Blokus Duo is an awesome two player abstract strategy game with two simple rules:
- Your first piece must be placed on the cyan spot
- A newly placed piece must touch another piece of your same color at a single corner
Below is my terminal implementation of Blokus Duo with a computer opponent using only the python standard library.
import curses
from copy import deepcopy
from random import shuffle
BOARD_WIDTH, BOARD_HEIGHT = 28, 28
class colors:
blue = 1
cyan = 2
red = 3
magenta = 4
yellow = 5
black = 6
class Cell():
'''
A Pixel
'''
def __init__(self, color):
self.color = color
self.box = u"\u2588".encode('utf-8')
def draw(self, x, y, dx, dy):
color = curses.color_pair(self.color)
screen.addstr(y + dy, x + 2*dx, self.box, color)

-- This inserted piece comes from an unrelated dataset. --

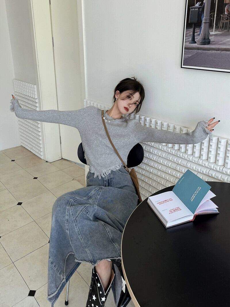 センスニッチテルニットセーターレディース 2023 春の新作スリムフィットと薄いショートシックなボトリングシャツトップ スプリング 春物 0921977928121799

screen.addstr(y + dy, x + 2*dx+1, self.box, color)
class Piece():
'''
The Fundamenal Game Object
'''
def __init__(self, shape, initial_loc):
self.initial_shape = shape
self.initial_loc = initial_loc
self.shape = shape
self.selectable = True
self.grid_x, self.grid_y = 0, 0
def set_board_location(self, screen, left, top):
self.screen = screen
self.board_left = left
self.board_top = top
self.board_right = BOARD_WIDTH
self.board_bottom = BOARD_HEIGHT
def height(self):
return len(self.shape)
def width(self):
return len(self.shape[0])
# Horizontal board position to terminal coordinate transformation
def grid_to_xpos(self):
return 2*self.grid_x + self.board_left
# Vertical board position to terminal coordinate transformation
def grid_to_ypos(self):
return self.grid_y + self.board_top
def draw_piece(self, x, y, highlight):
for col in range(self.height()):
for row in range(self.width()):
if self.shape[col][row] == 1:
if highlight:
c = Cell(self.highlight)
else:
c = Cell(self.color)
c.draw(x, y, row, col)
def draw_in_stockpile(self, highlight=False):
self.reset_shape()
self.draw_piece(
self.initial_loc[0],
self.initial_loc[1],
highlight
)
def draw_in_grid(self, highlight=False):
self.draw_piece(
self.grid_to_xpos(),
self.grid_to_ypos(),
highlight
)
def set_color(self, color):
self.color = color
self.highlight = color + 1
def blackout(self):
self.color = colors.black
self.selectable = False
self.draw_in_stockpile()
def reset_shape(self):
self.shape = [row[:] for row in self.initial_shape]
def place_on_board(self):
self.grid_x, self.grid_y = 0, 0
self.draw_in_grid(highlight=True)
def rotate(self):
if self.grid_y + self.width() < self.board_bottom:
if self.grid_x + self.height() <= self.board_right:
self.shape = list(zip(*reversed(self.shape)))
def flip(self):
self.shape = [row[::-1] for row in self.shape]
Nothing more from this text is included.